Outpost Bio, a human microbiology modelling startup, has raised £2.6 million in a pre-seed round co-led by Merantix Capital and Seedcamp, with participation from OpenSeed VC, Defined, and strategic family offices and angel investors. It builds models focused on the interaction layer of human biology to help translate complex microbiology data into actionable insights. The funding will accelerate its experimental and modelling platforms.
Human microbiology studies how microbial communities living in and on the body metabolise drugs, transform nutrients, and influence health outcomes, but R&D teams struggle to translate this complexity into usable insights. Outpost Bio’s platform addresses this gap by integrating automated experimentation with machine learning in a closed feedback loop, generating human-derived functional data at scale. This enables pharmaceutical partners to de-risk clinical development, design safer formulations, and build regulatory evidence, while food and consumer companies can test how ingredients affect microbial communities.

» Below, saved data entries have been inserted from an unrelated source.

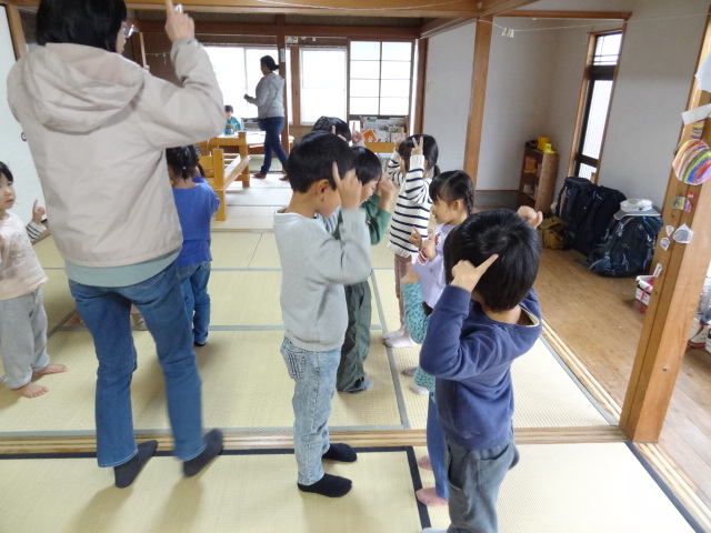 今日はもっちこではなくて♪かれっこ やいて♪こどもたちも焼きたいものを言いました。サンマ、マンボウ、もち、ぎょうざ、ポテトなどどれもおいしそうで、歌っているとどんどんお腹が空いてきましたね。
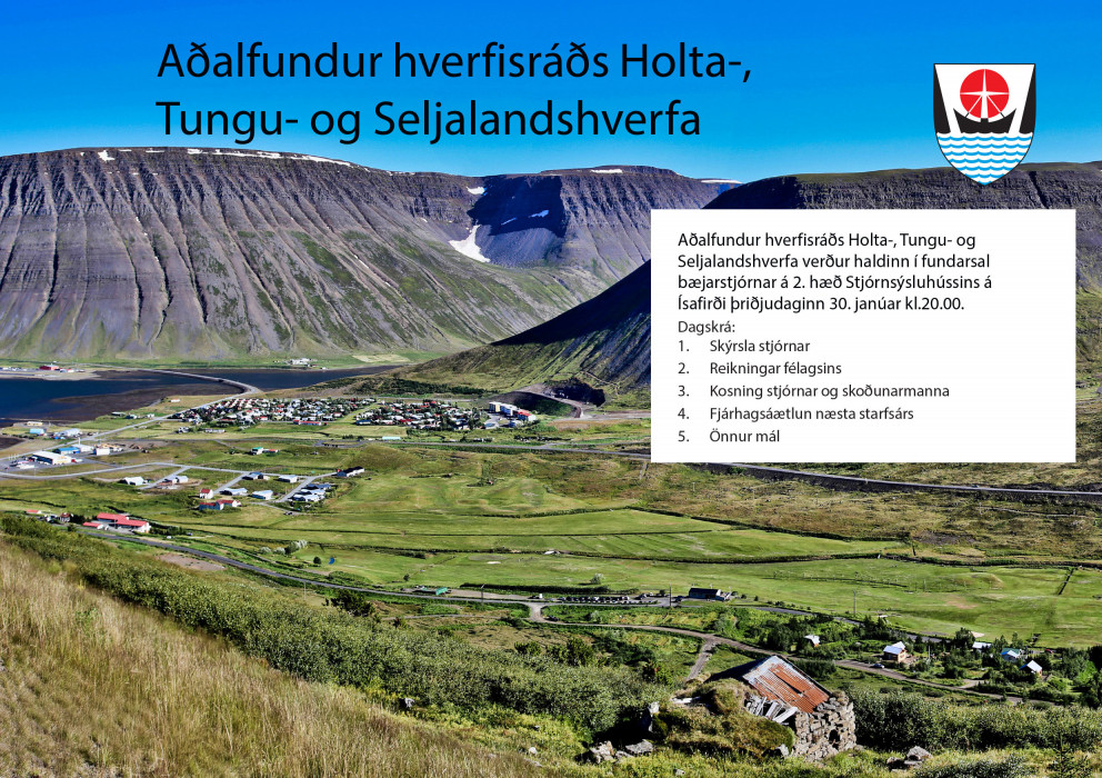 Aðalfundur hverfisráðs Holta-, Tungu- og Seljalandshverfa verður haldinn í fundarsal bæjarstjórnar á 2. hæð Stjórnsýsluhússins á Ísafirði þriðjudaginn 30. janúar kl.20.00.
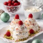 These Mini Pavlova Christmas Trees are a festive and elegant dessert perfect for holiday celebrations. Crispy on the outside and soft inside, the delicate meringue trees are piped to resemble Christmas trees, topped with whipped cream, silver cachous, fresh raspberries, and pistachio crumbs for a delightful combination of texture and flavor.
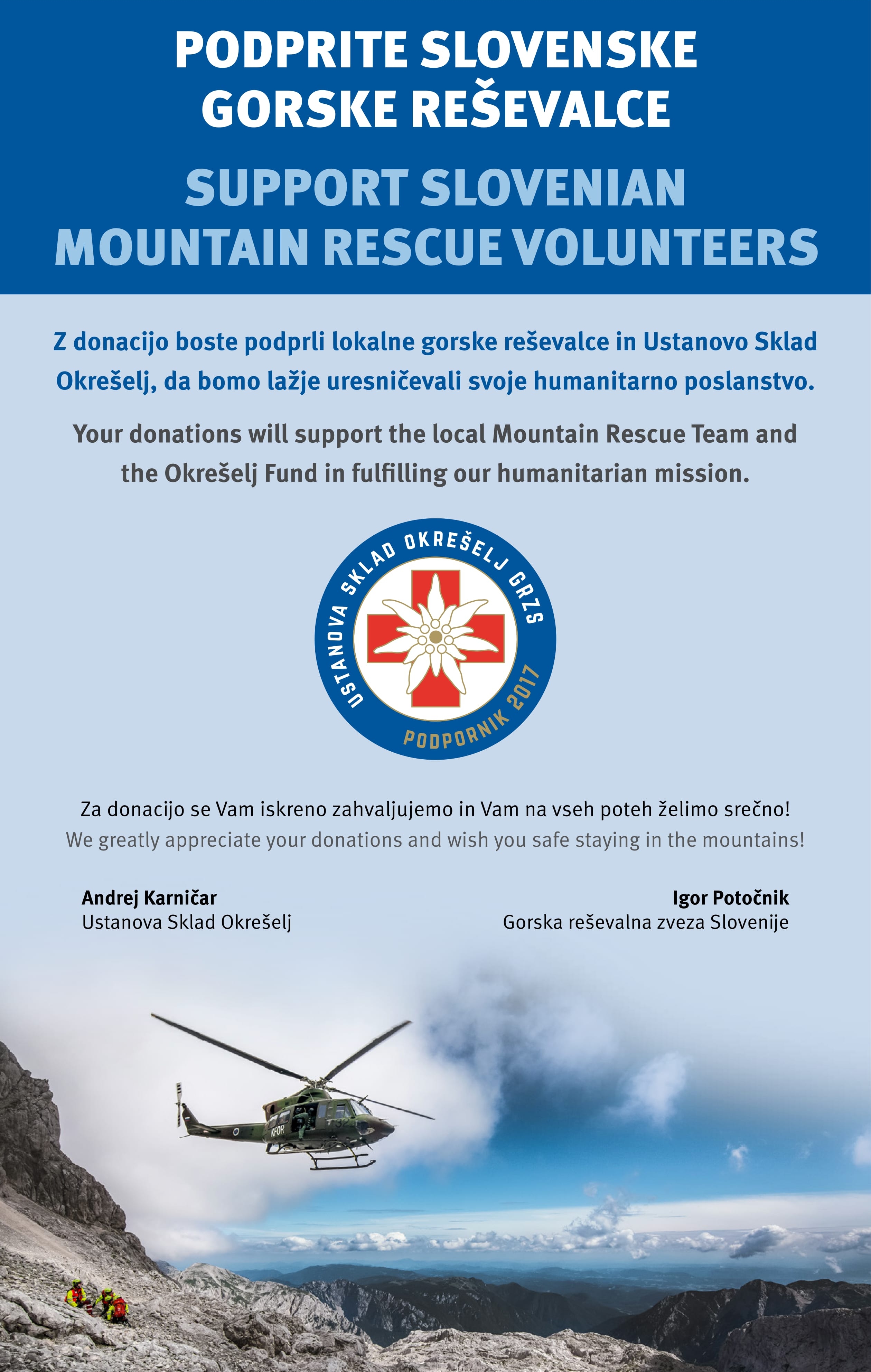 Z donacijo boste podprli lokalne gorske reševalce in Ustanovo Sklad Okrešelj, da bodo lažje uresničevali svoje humanitarno poslanstvo.
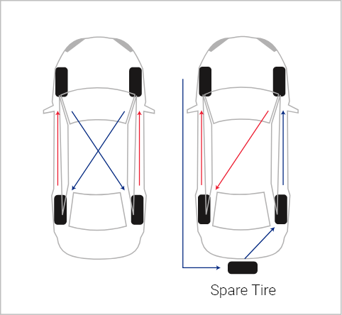 After traveling for 8,000-10,000 km, we recommend rotating tires at a service center. When rotating tires please keep in mind “4 Consistency” – same brand, size, pattern, and size because some vehicles have different front and rear specifications.

Outpost Bio is led by Dr. Jenny Yang, an Oxford PhD and former Marie Curie Fellow with a background in clinical machine learning, and Alex Merwin, former Head of Growth for Health & Bio Startups at AWS. The founding team also includes senior leaders in microbiology, data engineering, and machine learning, with advisors from organisations including Ginkgo Bioworks, the Genome Sciences Centre, and DARPA.
We're building the most comprehensive dataset in human microbiology. Microbial communities can dramatically alter drugs and other interventions, yet this layer has been largely ignored because the data hasn't existed at scale. For the first time, we can move beyond correlations to reveal causal pathways.
This is a rare team that combines deep microbiology, machine learning, and company-building experience. Jenny, Alex, and the founding team have both the scientific rigor and operational insight required to build a new layer of biological infrastructure.
What took decades to build for earlier biological models can now be achieved in years. Faster wet-lab data generation, lower sequencing costs, and more powerful machine learning make this the right moment to build predictive models of the microbes that live within and on us.